I would be pretty damn pissed if I lost 100 dollars US or 500 as they case might be but, that can be a yearly salary in some of these countries. Do the gurus have no shame when they are advertising their plans to strike it big quick? Is it enough to say, "it is highly risky" to people who may not actually understand just how risky risky is?
Everyone has to take personal responsibility but when it comes to the complexity associated with such things as crypto markets, those people selling their advice have to take responsibility too, a disclaimer isn't good enough.
This is a post by one of the other accounts and another that @steemcleaners cleaned down to zero. They each had something like 600 dollars of bidbot votes on it. That is 2x a yearly average salary that just got wiped away.

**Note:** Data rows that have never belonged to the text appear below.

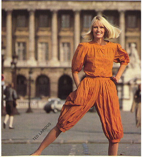
HAUSAMMANN + MOOS AG, Weisslingen Δ Knickers mode et haut en crêpe de coton «Ondor» / Modische Knickers und Top in reiner Baumwoll-Crêpe «Ondor» / Fashionable knickers and top in pure cotton crêpe "Ondor". ◁ Ample cape en tissu «Tamara Enduit», pur coton tissé en couleurs / Grosszügiges Cape aus buntgewebter reiner Baumwolle «Tamara Enduit» / Ample cape in colour-woven pure cotton "Tamara Enduit".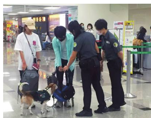
台湾基隆港のターミナルで検疫検査が強化

同委動物防疫検疫局によると、今後1年間豚熱の発生がなかった場合、WOAHに洗浄地域の認定申請をするという。早ければ25年にも認められる見通しで、アジアで唯一、三大家畜伝染病である口蹄疫、アフリカ豚熱(ASF)、豚熱を撲滅または阻止した国になる公算が強い。また、豚熱の撲滅により養豚場の作業員及びワクチン購入費が削減され、ワクチン接種の副作用などによる損失も減少する見込みで、効果的に養豚コストを抑えられる。さらに、豚肉製品などの国際競争力も大幅に向上さ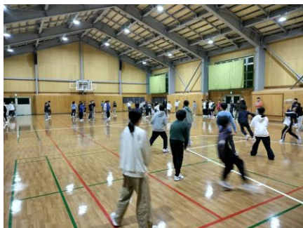
レクリエーション (ドッチボール)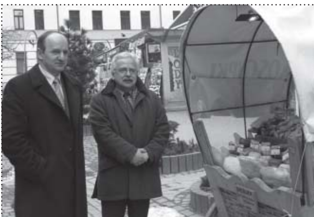
Stanisław Lichosyt pełniący obowiązki burmistrza Zakopanego.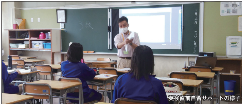
英検直前自習サポートの様子

調布市には、令和2年度現在、六中を含め24校に設置されていて、学校の行事、部活動（中学校）、図書館や花壇などの環境整備、そして授業や放課後・週末の学習など、校長の学校経営方針に沿って学校を支援しています。その支援のための活動に、PTA、高齢者、学生、NPOや民間企業団体など、地域から幅広い人たちがボランティアとして参加し活躍していただけるよう、各校の地域コーディネーターが活動します。

I feel sorry for this poor bastard who has come in here ignorant of the community and the systems based on the words of a guru who claims to know how it all works. What is this poor dude gonna do now? In Finland the equivalent amount would be 70,000€ (~2 times average yearly salary) wiped away. That is my goddam mortgage on my apartment. Fuck.

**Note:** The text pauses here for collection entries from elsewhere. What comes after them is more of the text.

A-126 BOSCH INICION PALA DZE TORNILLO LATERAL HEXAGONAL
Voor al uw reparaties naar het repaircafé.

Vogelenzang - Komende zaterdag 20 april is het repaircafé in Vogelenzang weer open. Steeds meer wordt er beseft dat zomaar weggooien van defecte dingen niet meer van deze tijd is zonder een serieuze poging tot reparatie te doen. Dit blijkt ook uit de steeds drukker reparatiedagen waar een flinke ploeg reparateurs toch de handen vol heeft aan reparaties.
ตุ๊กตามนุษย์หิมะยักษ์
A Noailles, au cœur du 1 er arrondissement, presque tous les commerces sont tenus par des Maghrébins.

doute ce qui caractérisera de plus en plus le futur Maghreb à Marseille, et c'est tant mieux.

What about the bidbots that voted very high and blindly on these posts without checking the content at all? Is it good enough to say it is up to the user when the users are brought in by youtube shills on what amounts to false information? Isn't there a duty of care somewhere? They call themselves businesses but they are not because, businesses come with liability and they have none. All they do is take cash for votes no matter the customer and say just like the online gurus, 'use at your own risk.'
They say it is for the community to police (not that the community has much drive to) yet, they do not take into account the content that is voted upon, they do not consider their customer at all. What kind of business doesn't consider the customer and only cares about profits? Banks and governments, usually working together. They do it legally of course because well, the legal framework is written by them so, the code allows it.

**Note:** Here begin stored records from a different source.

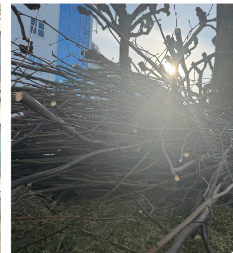
Over 20 tonn med avkapp.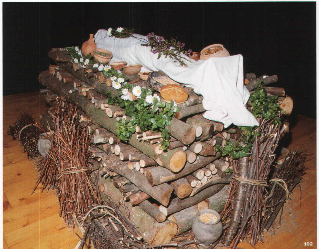
Fig. 102 Reconstitution muséographique d'un bûcher funéraire gallo-romain. Ricostruzione in museo di un rogo funebre gallo-romano.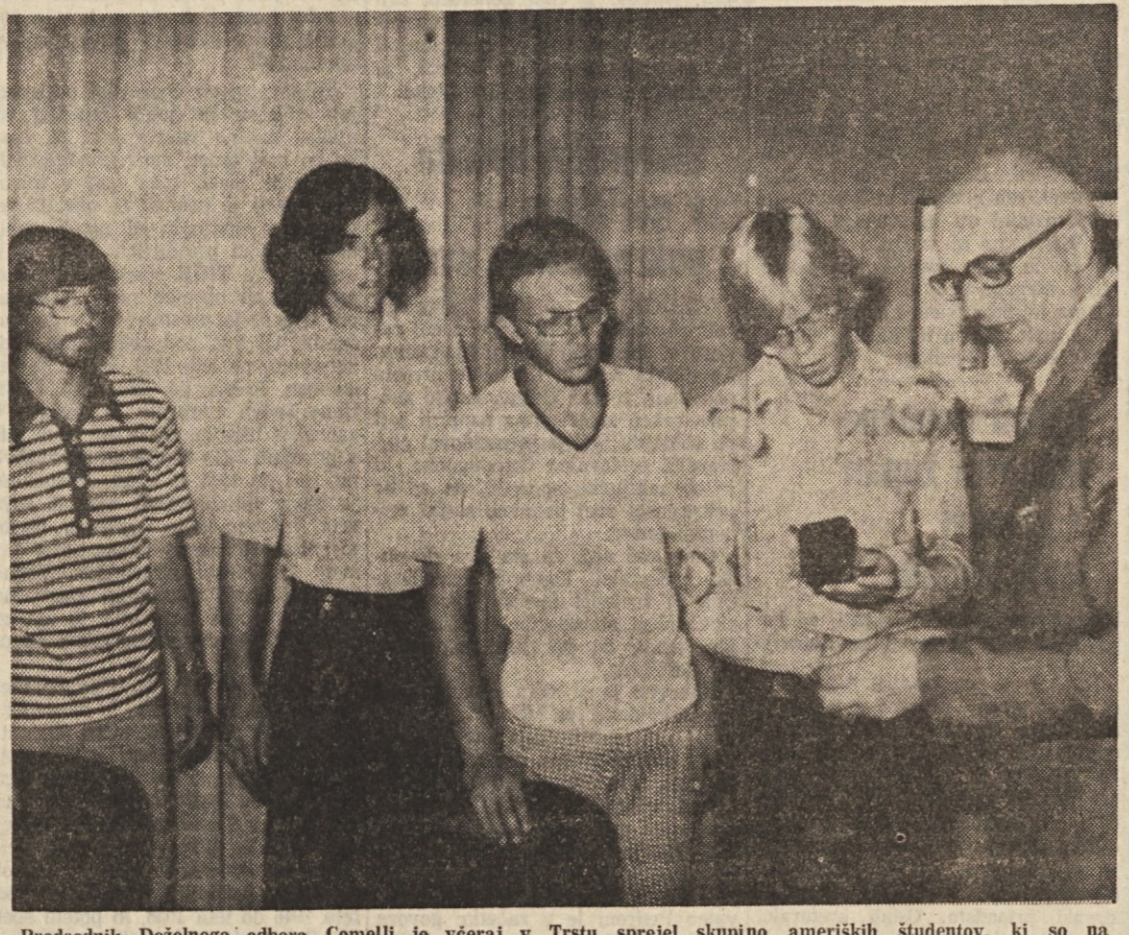
Predsednik Deželnega odbora Comelli je včeraj v Trstu sprejel skupino ameriških študentov, ki so na študijskem potovanju v Furlaniji - Julijski krajini. Ameriški študenti so gostje agencije SNIA iz Torviscoso. Med srečanjem so gostom prikazali osnovne smerice regionalnega upravljanja, predvsem pa ekonomske in socialne probleme Furlanije - Julijske krajine

There is a lot of talk about protecting the most vulnerable in the world from the authoritarian dictators who take advantage of them yet, here we are at Steem encouraging the same behaviours. It is easy to say, don't invest anything you aren't willing to lose but the information required to understand the risks run much deeper than those words and not everyone fully comprehends them.
To the Youtube Steemit shills and your claims of onboarding... please, please, just stop as you do more harm than good to both the platform and like this guy who just lost a fortune in India, those you claim to help.
But, that is my opinion. If you think others should have a think about this too, maybe let them know because the shills aren't going to as it breaks their business model.